My research connects with Mark McGurl’s recent book, Everything and Less: The Novel in the Age of Amazon. He argues that Amazon has pushed the novel into two distinct versions of the form: the maximalist novel and minimalist novel. The former is grand in scope — a globe trotting spy thriller for example — whereas the latter is far narrower, more akin to a domestic romance. In my paper, I use the same polarities but, rather than seeing genre as the underlying structure like McGurl does, I use the number of topics (a maximalist novel contains several topics; a minimalist one only contains one or two). My data seems to show that the Booker Prize used to recognise topically maximal novels and has, since 2000, recognised increasingly topically minimal novels.

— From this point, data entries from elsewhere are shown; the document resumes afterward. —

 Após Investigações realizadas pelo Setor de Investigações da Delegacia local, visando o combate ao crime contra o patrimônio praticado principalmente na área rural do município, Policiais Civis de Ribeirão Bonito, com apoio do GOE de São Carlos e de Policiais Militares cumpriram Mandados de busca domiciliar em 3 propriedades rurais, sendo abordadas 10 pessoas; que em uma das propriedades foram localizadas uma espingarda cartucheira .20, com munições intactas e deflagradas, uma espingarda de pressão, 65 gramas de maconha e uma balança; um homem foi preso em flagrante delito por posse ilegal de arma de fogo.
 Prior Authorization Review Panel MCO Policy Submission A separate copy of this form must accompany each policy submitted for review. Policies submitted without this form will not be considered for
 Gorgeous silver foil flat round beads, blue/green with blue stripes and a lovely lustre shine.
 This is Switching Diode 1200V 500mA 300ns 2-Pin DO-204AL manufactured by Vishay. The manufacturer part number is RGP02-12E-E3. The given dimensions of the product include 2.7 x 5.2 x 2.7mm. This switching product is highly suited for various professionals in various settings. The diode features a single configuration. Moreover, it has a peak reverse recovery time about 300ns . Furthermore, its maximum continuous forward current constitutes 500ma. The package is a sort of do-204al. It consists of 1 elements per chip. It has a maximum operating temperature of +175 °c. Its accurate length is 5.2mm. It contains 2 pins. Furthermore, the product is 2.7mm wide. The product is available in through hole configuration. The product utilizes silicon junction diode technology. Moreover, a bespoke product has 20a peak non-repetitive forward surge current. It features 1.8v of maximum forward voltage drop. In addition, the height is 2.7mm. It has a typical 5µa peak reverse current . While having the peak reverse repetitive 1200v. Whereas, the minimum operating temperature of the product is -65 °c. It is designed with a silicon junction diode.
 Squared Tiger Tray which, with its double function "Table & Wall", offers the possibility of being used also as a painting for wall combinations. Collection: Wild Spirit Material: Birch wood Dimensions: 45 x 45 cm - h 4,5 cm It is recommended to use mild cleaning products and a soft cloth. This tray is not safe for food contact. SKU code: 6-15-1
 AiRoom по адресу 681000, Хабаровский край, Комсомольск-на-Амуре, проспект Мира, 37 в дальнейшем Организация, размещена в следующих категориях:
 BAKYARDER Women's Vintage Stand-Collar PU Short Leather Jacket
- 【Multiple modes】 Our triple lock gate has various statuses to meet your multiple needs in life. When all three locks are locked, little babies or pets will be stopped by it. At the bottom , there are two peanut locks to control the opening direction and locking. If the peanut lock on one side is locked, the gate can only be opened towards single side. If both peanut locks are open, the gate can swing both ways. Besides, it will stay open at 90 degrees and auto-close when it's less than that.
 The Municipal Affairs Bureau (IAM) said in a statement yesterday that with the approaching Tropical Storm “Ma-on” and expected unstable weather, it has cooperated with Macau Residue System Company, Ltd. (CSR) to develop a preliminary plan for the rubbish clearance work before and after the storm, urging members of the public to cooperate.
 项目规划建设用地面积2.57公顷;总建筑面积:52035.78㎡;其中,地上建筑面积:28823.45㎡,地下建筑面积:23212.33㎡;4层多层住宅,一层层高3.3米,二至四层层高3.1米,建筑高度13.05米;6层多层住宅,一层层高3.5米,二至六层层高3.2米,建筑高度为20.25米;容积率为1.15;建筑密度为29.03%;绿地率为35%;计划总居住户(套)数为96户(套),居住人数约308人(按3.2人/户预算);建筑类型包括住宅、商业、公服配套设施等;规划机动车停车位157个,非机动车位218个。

In my thesis, I argue that this is a direct consequence of Amazon’s presence in the British market. It particular, it is a result of algorithmic recommendation. The data suggests that the logic of Amazon was felt far earlier than previously thought.

The Influence of Tea on the English Novel

The graph above shows how closely the various topics in my analysis correlate. There are some that don’t feel very connected at all and others that correlate with a number of other topics. Topic 25, for example, which consists of novels by Thomas Keneally and Peter Carey (specifically The Confederates and The True History of the Kelly Gang) does not correlate with any other topic suggesting that the novels it contains are especially different from the rest of the novels examined.

The most connected topic is Topic 35. Its top 10 keywords include “table,” “drink,” “thought,” “tea,” “asked,” “room,” “glass,” “kitchen,” “put,” and “dinner.” The novels in Topic 35 include Mrs. Palfrey at the Claremont by Elizabeth Taylor, The Road to Lichfield by Penelope Lively and The Strange Case of Dr Simmons & Dr Glas by Dannie Abse.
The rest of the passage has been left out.